The Recorder2008-07-23 12:00:00 AM
In a major victory for the business community, a California appeal court ruled Tuesday that employers are only required to provide meal and rest breaks for their workers, not ensure they're taken.
The 53-page ruling by San Diego's 4th District Court of Appeal also said employers can't be held liable for working employees off the clock unless they knew they were doing so.
And in a third blow to employees, the court unanimously ruled that none of the above issues can be certified as class actions because they involve individual claims that must be handled separately in possibly thousands of "mini-trials."
Kimberly Kralowec, a partner with San Francisco's Schubert Jonckheer Kolbe & Kralowec who handled part of the case against the Brinker Restaurant Corp., called the ruling "a horrible decision for employees."
"It will mean that workers are going to be much less likely to get their meal breaks," she said, adding that she and co-counsel plan to seek review by the California Supreme Court.
Attorneys for Brinker couldn't comment, per their client's orders, and spokesmen for the Dallas-based company couldn't be reached late Tuesday.
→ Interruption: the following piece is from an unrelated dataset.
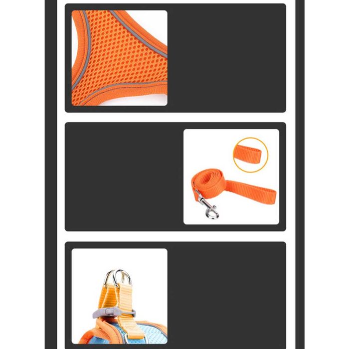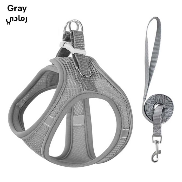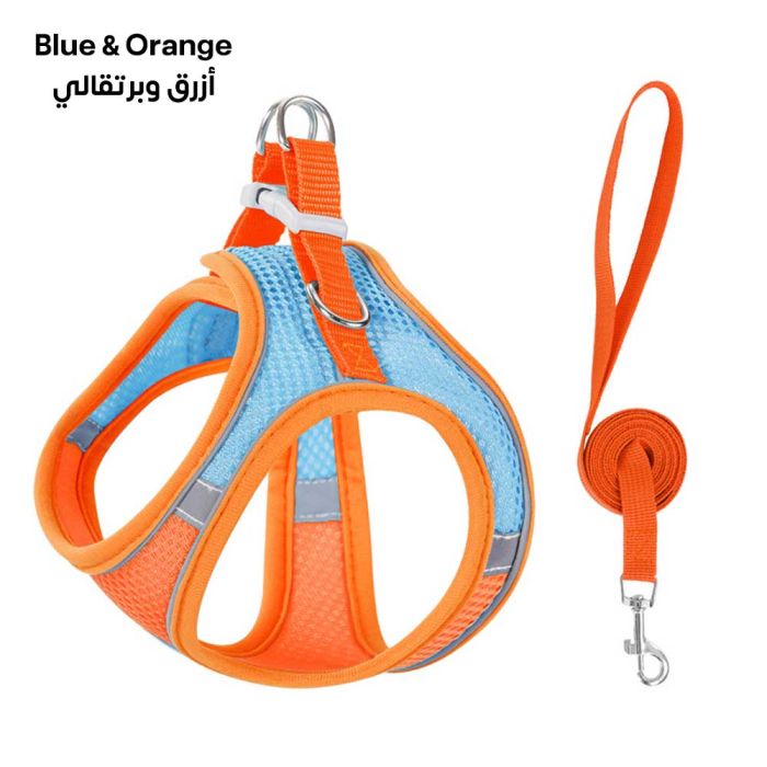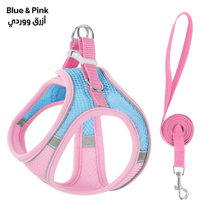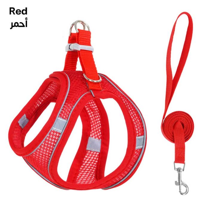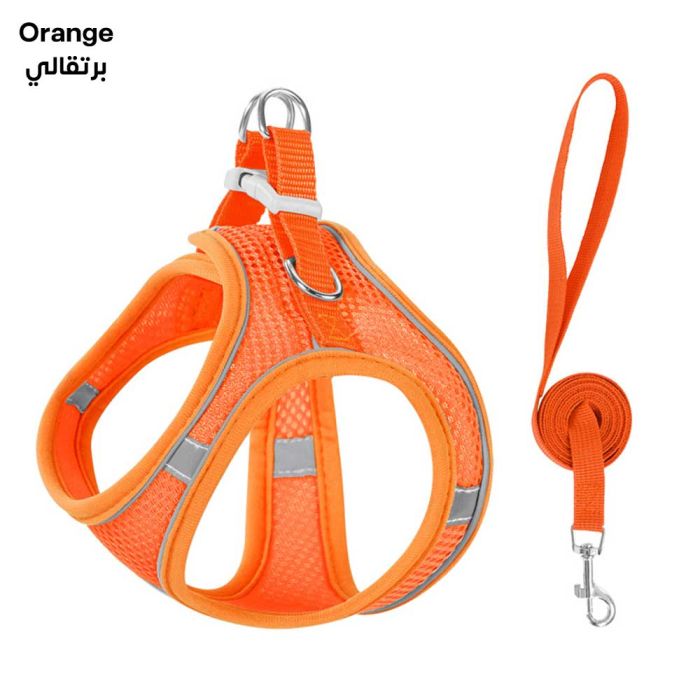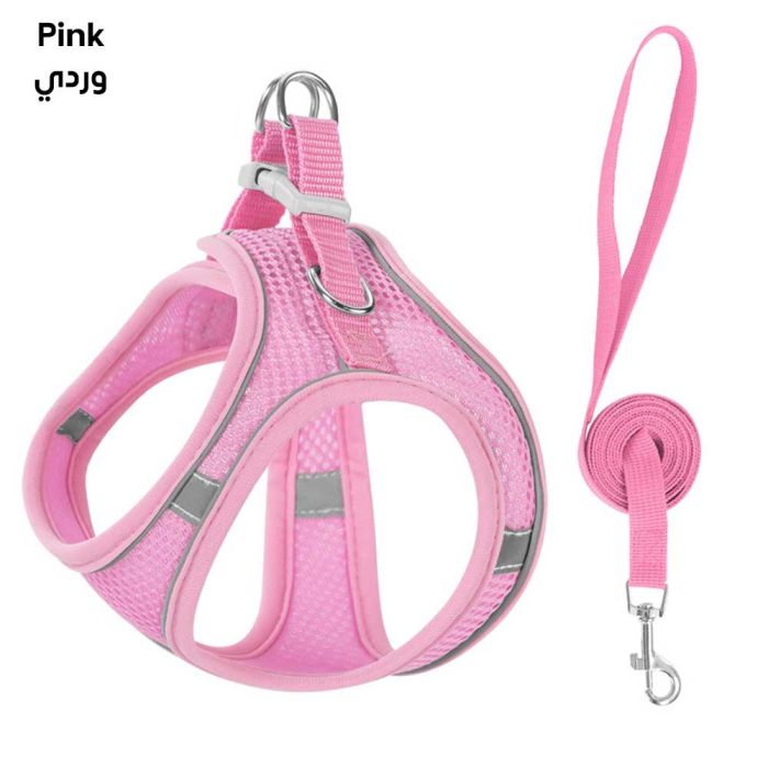 This Pet harness with reflective straps and leash, designed to provide safety and comfort during walks. Made from breathable mesh material, with reflective straps for increased visibility at night.
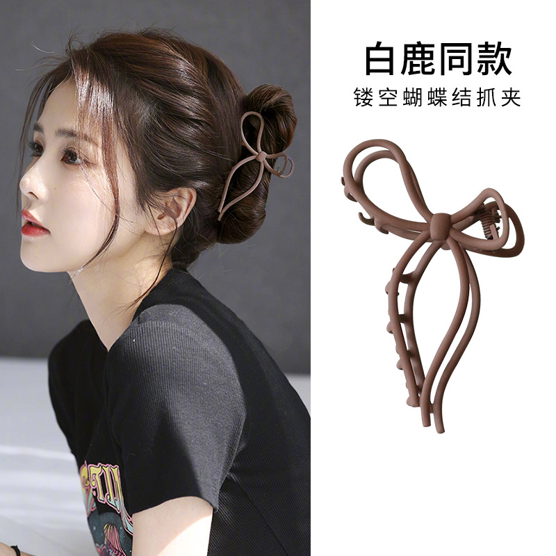 白鹿同款镂空蝴蝶结抓夹磨砂金属气质后脑勺鲨鱼夹子头饰发夹女夏

But Kent Sprinkle, an associate at San Francisco's Carlton DiSante & Freudenberger -- a firm that wasn't involved in the case but represents employers in labor and employment litigation -- encouraged the business community to celebrate.
"Employers," he wrote on a labor law blog, "can consider the Brinker decision to be a significant and positive victory that is plainly supported by the language and policy of the statute" at issue.
Brinker -- which operates 137 restaurants in California, including Chili's Grill & Bar, Romano's Macaroni Grill and Maggiano's Little Italy -- was sued in 2002 by the state Department of Labor Standards Enforcement. The agency claimed the company had failed to meet statutory standards for meal and rest periods and often worked employees through their breaks.
In April 2006, San Diego County Superior Court Judge Patricia Cowett certified a class action on all issues after finding that common issues predominated and that questions regarding meal and rest breaks were "pervasive."
On Tuesday, the 4th District unanimously reversed and ordered Cowett to deny certification.
"The question of whether employees were forced to forgo rest breaks or voluntarily chose not to take them," Justice Gilbert Nares wrote, "is a highly individualized inquiry that would result in thousands of mini-trials to determine as to each employee if a particular manager prohibited a full, timely break or if the employee waived it or voluntarily cut it short."
Nares said the same applied to meal breaks. As for working off the clock, he held, individual trials would be needed to decide whether an employee's time wasn't properly recorded.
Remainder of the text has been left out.